The absolute viral load drops were as follows: from 4.6 to 4.37 logs in blood (from about 40,000 to about 23,000) and from 3.31 to 2.93 logs in the cervix (from about 2,000 to about 850).

The valaciclovir also reduced HSV-2 shedding both in terms of frequency and viral load. Placebo patients shed HSV-2 22.1% of the time but valaciclovir recipients only 3.7% of the time. The average HSV-2 viral load in swabs was 4.8 logs and in valaciclovir recipients 3.94 logs (63,000 and 9,300). Women reported herpes ulcers on 4.6% of placebo days and 2.1% of valaciclovir days.

Herpes and HIV transmission in gay men

Although this study and Partners in Prevention involve heterosexual women and men, another poster at CROI suggested that herpes suppression in HIV/HSV-2 co-infected gay men might be worthwhile too: a study comparing HIV-positive gay men who did and did not transmit HIV in San Diego found that when the source (HIV-positive) partner had HSV-2 and the recipient (HIV-negative) did not, it made HIV transmission 16 times more likely.

David Butler from the University of California in San Diego traced the recent sex partners of a group of men being evaluated for possible acute (i.e. very recent) HIV infection. By performing phylogenetic analysis on blood and semen samples he determined which partners had transmitted HIV to his patients and which had not. Blood and seminal HIV viral loads were also taken and HSV-2 seropositivity of both source partners and infected partners. Source partners’ CD4 counts were also determined and they were tested for syphilis, gonorrhoea and chlamydia.

Butler traced 43 men who were sexual partners of his acutely-infected patients. Phylogenetic analysis showed that 15 of these had transmitted HIV to his patients and 32 had not.

Transmitting partners were similar to non-transmitting ones in terms of age and CD4 count and there was no significant difference in the proportions who were taking ARVs: one of 15 transmitting partners was on ARVs (6.7%) and five out of 31 non-transmitters (16%), but this was not a statistically significant difference.

Transmitters had higher median seminal viral loads than non-transmitting partners (4,300 versus 380 copies/ml) and higher blood viral loads (55,000 versus 12,000 copies/ml), though of interest was the fact that three of the transmitters, when measured at the time of the study, had seminal viral loads of below 110 copies/ml. Interestingly, blood plasma viral load was significantly associated with transmission (odds ratio, 3.84) but seminal viral load was not (OR, 0.99). However it should be pointed out that blood and seminal viral loads were of course not being measured at the actual time of transmission.

Contrary to what has been seen in other studies, fewer of the infecting partners were themselves recently infected (25%) than the non-infecting partners (60%) and this was statistically significant, though the researchers did not speculate as to why.

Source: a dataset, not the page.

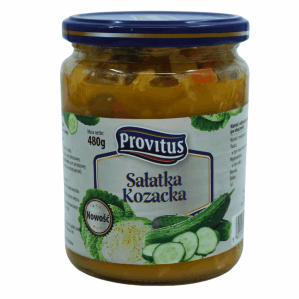 Provitus salatka kozacka er en tradisjonell polsk salat laget av blandede grønnsaker som agurk, gulrot og kål i en smaksrik marinade. Perfekt som tilbehør til kjøttretter, smørbrød og grillmat. Pakken inneholder 480 gram.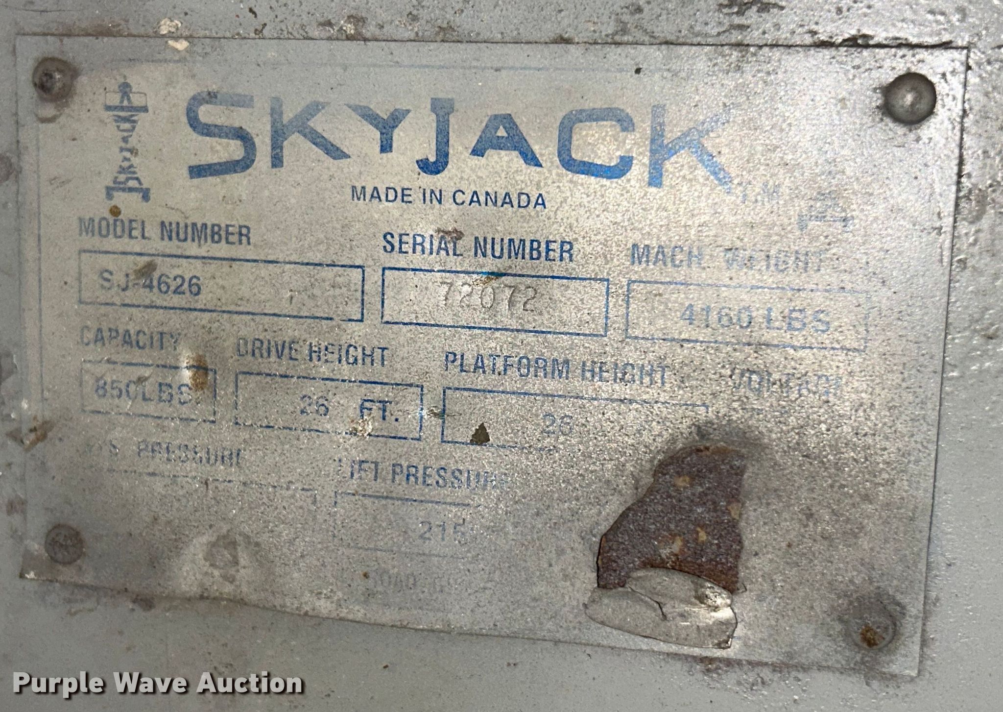 Skyjack SJ4626 scissor lift. Hours: 491 on meter, Serial: 72072. Electric Motor Volts: 24. Features Maximum lift capacity: 850 lbs, Maximum lift height: 26', Platform: 85" L x 43" W, Controls: Platform, Ground, Platform extensions: Manual. Tires Tire size: 4.00x8, Solid. Motor Service, Inc.. Hazelwood, MO 63042

Infecting partners were more likely to have a bacterial STI at the time of testing (50% versus 7%, p=

If the source had HSV-2 and the recipient did not, however, transmission was 16 times more likely. A third of transmitters had HSV-2 when their recipient did not, but only 3.4% of non-transmitters and their partners were in this situation.

Taken together, after a series of disappointing results, both of these studies suggest that there is still mileage in the idea of HSV-2 prophylaxis in people with HIV to prevent them transmitting HIV.


Baeten J et al. Herpes simplex virus suppressive treatment decreases plasma and genital HIV-1 viral loads in HSV-2/HIV-1 co-infected women: a randomized, placebo-controlled, cross-over trial. Fifteenth Conference on Retroviruses and Opportunistic Infections, Boston. Abstract 676. 2008.

Butler D et al. Correlates of HIV transmission among MSM. Fifteenth Conference on Retroviruses and Opportunistic Infections, Boston. Abstract 701. 2008.